Source records:
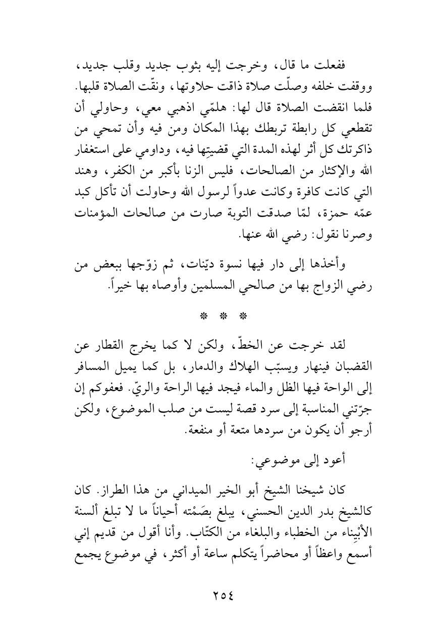 لقد خرجت عن الخطّ، ولكن لا كما يخرج القطار عن القضبان فينهار ويسبّب الهلاك والدمار، بل كما يميل المسافر إلى الواحة فيها الظل والماء فيجد فيها الراحة والريّ. فعفوكم إن جرّتني المناسبة إلى سرد قصة ليست من صلب الموضوع، ولكن أرجو أن يكون من سردها متعة أو منفعة.
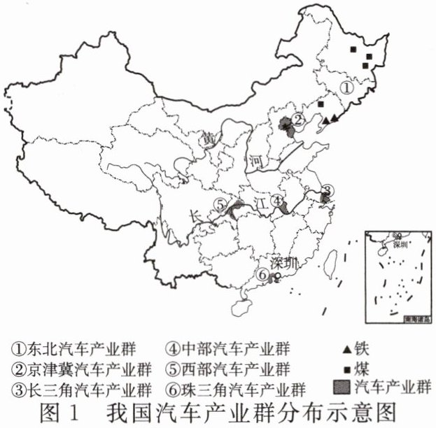 11. 人地协调观 汽车工业是国家综合国力的缩影,60多年来我国汽车工业从无到有,从弱到强。发展新能源汽车是我国应对气候变化、推动绿色发展的战略举措。截至2024年,我国新能源汽车产销量连续10年保持全球第一。阅读图文材料,完成下列问题。
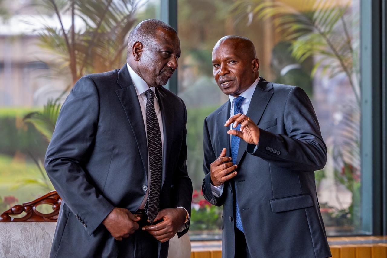 President William Ruto speaks with his Deputy, Kithure Kindiki, at JKIA as they wait for the arrival of the body of the late Raila Odinga on October 16, 2025.PHOTO/PCS
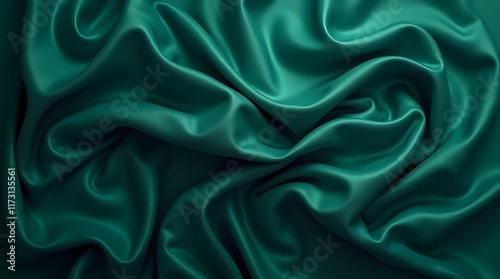 © Jismullah, Obraz premium Emerald Green Silk Drapery: Luxurious Texture and Deep Color
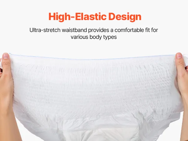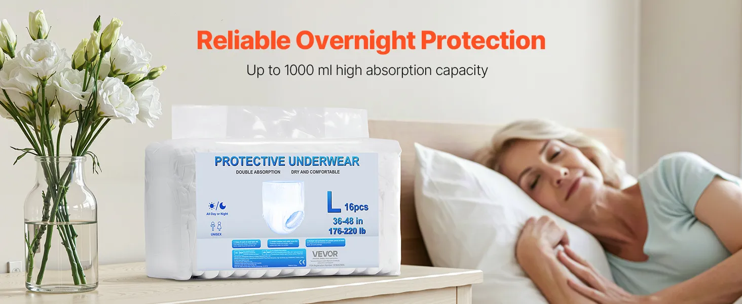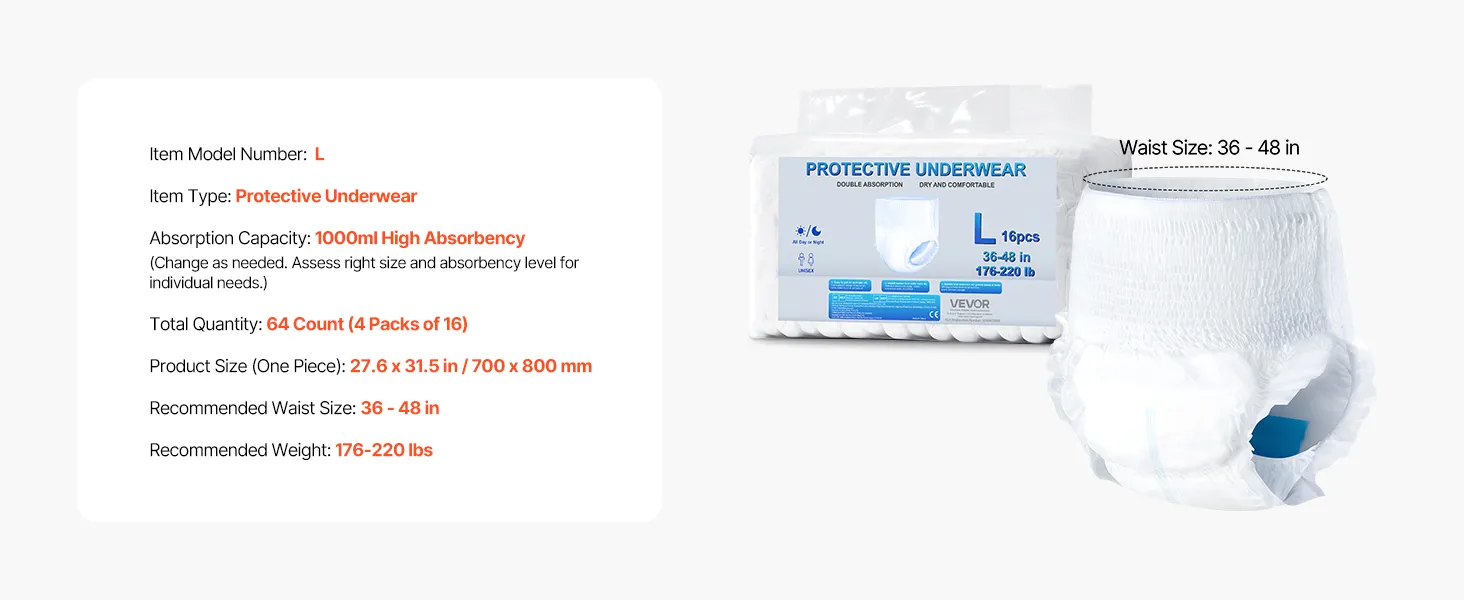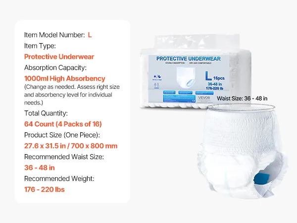 Wysoka chłonność: bielizna dla dorosłych na nietrzymanie moczu VEVOR w rozmiarze L jest idealna dla mężczyzn i kobiet z problemami z pęcherzem lub nietrzymaniem moczu. Bardzo chłonny podwójny rdzeń mieści do 1000 ml płynu i szybko go zamyka, zapewniając suchość i wygodę. Zalecane dla obwodów talii od 91 do 121 cm i masy ciała 79-100 kg.

Aim of the task: With the images left out, set down every entry exactly.

Response to this exercise:
 لقد خرجت عن الخطّ، ولكن لا كما يخرج القطار عن القضبان فينهار ويسبّب الهلاك والدمار، بل كما يميل المسافر إلى الواحة فيها الظل والماء فيجد فيها الراحة والريّ. فعفوكم إن جرّتني المناسبة إلى سرد قصة ليست من صلب الموضوع، ولكن أرجو أن يكون من سردها متعة أو منفعة.
 11. 人地协调观 汽车工业是国家综合国力的缩影,60多年来我国汽车工业从无到有,从弱到强。发展新能源汽车是我国应对气候变化、推动绿色发展的战略举措。截至2024年,我国新能源汽车产销量连续10年保持全球第一。阅读图文材料,完成下列问题。
 President William Ruto speaks with his Deputy, Kithure Kindiki, at JKIA as they wait for the arrival of the body of the late Raila Odinga on October 16, 2025.PHOTO/PCS
 © Jismullah, Obraz premium Emerald Green Silk Drapery: Luxurious Texture and Deep Color
 Wysoka chłonność: bielizna dla dorosłych na nietrzymanie moczu VEVOR w rozmiarze L jest idealna dla mężczyzn i kobiet z problemami z pęcherzem lub nietrzymaniem moczu. Bardzo chłonny podwójny rdzeń mieści do 1000 ml płynu i szybko go zamyka, zapewniając suchość i wygodę. Zalecane dla obwodów talii od 91 do 121 cm i masy ciała 79-100 kg.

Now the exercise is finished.